Anyone looking for an astringent corrective to the postmodern hypertrophies of the Tarantino style will find it in the beautiful and profoundly intelligent new film from Joanna Hogg, The Souvenir, executive produced by, among others, Martin Scorsese, and starring Tilda Swinton and her daughter, Honor Swinton Byrne, as a fictional mother and daughter in 80s London.
Like Once Upon A Time In Hollywood... The Souvenir is especially interested in framing a narrative around film, and directing film - in this instance, the hero is a young woman, from the English upper class, who has become a film student, and is seeking to make a film about working class life in a part of the country she barely knows. Hogg allows us to see how a film student (her in actuality looking back in memory) might film and tell the story of her own aesthetic awakening, through the medium she loves - through the story of her sentimental education, as it were, as a naïve lover, swept up by a Heathcliffian slightly older man (Tom Burke, both haunted and arrogant, and ultimately unforgettable) with enigmatic and potentially criminal tendencies.

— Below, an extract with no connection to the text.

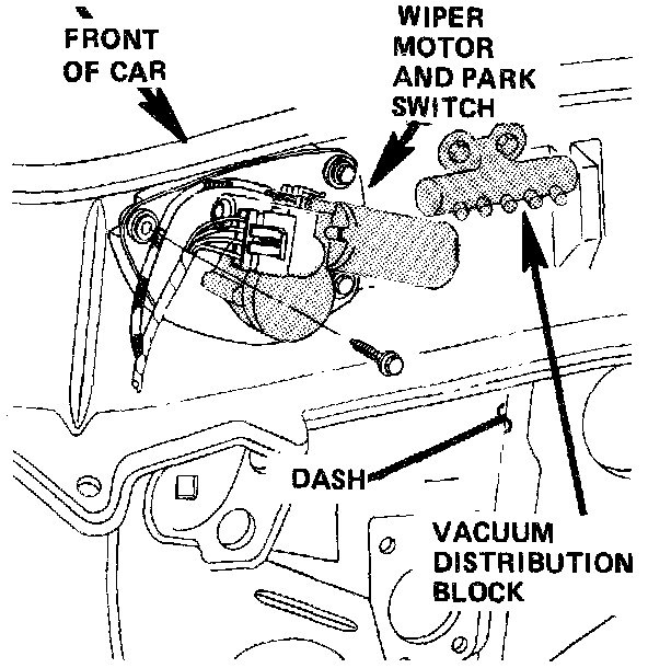 The Front Wiper Motor and Park Switch are located in Front of the Left Hand side of the dash.

Where Tarantino's violent movie is about style unbound, and narrative excess, Hogg's is about careful, controlled, and judicious revealing, and withholding, of what is ever to be seen or known, about any story. Intriguingly, she employs the opposite of dramatic irony, so that the characters always know more than we, the audience, ever will. Rather than ever shown the entirety of an act or its consequences, we see moments that appear random, until the final moment, when all adds up, cumulatively, to one of the most powerful few final images of any film I have seen.
Tragic, romantic, poetic, impeccably acted, directed, written and shot, The Souvenir left me moved, and wounded, in the best of ways, by a vision so masterfully compassionate, it becomes an elegy for all youth, all love, and art, doomed or not. Already celebrated by The New York Times and the LA Times, this is sure to be on every list at year's end as one of, if not the, finest films to be released in 2019.